I'll enjoy hearing the outcome of this. 400 watts into the coolant, if the heat circulates into the block and/or head, should make it start right up as long as fuel isn't globbed up like rubber cement.


----------



## Toma (Nov 8, 2021)

Maybe this isn't the place for jokes but something about a _coolant heater_ has really got me right now 🤣😭

BTW idk anything about cars but I'm learning, going to research coolant heater right now.
my brain immediately just thinks of the engine itself; if the coolant is cooling the engine, then naturally the engine heats your coolant 😎


Edit (after 30 second google): ah so yall are running the diesel cruze? This explains why I have not learned about coolant heaters yet 😆 that and the fact that I live in regular 100 degree weather


----------



## Cruze CTRL (Sep 16, 2021)

It should drop fuel dilution levels to under 1%, a valuable mod for all Cruzes not just diesels!

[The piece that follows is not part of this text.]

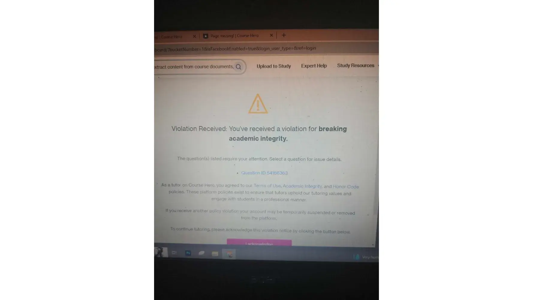 Course hero gave me probation period and blocked my tutor account.

An oil heater is an even better mod for not so cold climates when the ride is under 10 miles


----------



## BDCCruze (Jul 12, 2017)

Missed this thread.

I guess this is kinda neat, but even on the coldest of days, even at like -10 (I park outside), I hit the remote start about 10 minutes before leaving and it's blowing warm air shortly after leaving. I don't know how cold it would need to be to justify this.

You have to remember to turn on heat and have the fan on full speed when you get out of the car the day before so everything is blowing and it has time to warm up the next day. I get out of bed like 15 minutes before leaving for work so I definitely can't do 3 hours  Maybe the guys in Canada need this if it's like 20 or 30 below.


----------



## boraz (Aug 29, 2013)

BDCCruze said:


> Missed this thread.
> 
> I guess this is kinda neat, but even on the coldest of days, even at like -10 (I park outside), I hit the remote start about 10 minutes before leaving and it's blowing warm air shortly after leaving. I don't know how cold it would need to be to justify this.
> 
> You have to remember to turn on heat and have the fan on full speed when you get out of the car the day before so everything is blowing and it has time to warm up the next day. I get out of bed like 15 minutes before leaving for work so I definitely can't do 3 hours  Maybe the guys in Canada need this if it's like 20 or 30 below.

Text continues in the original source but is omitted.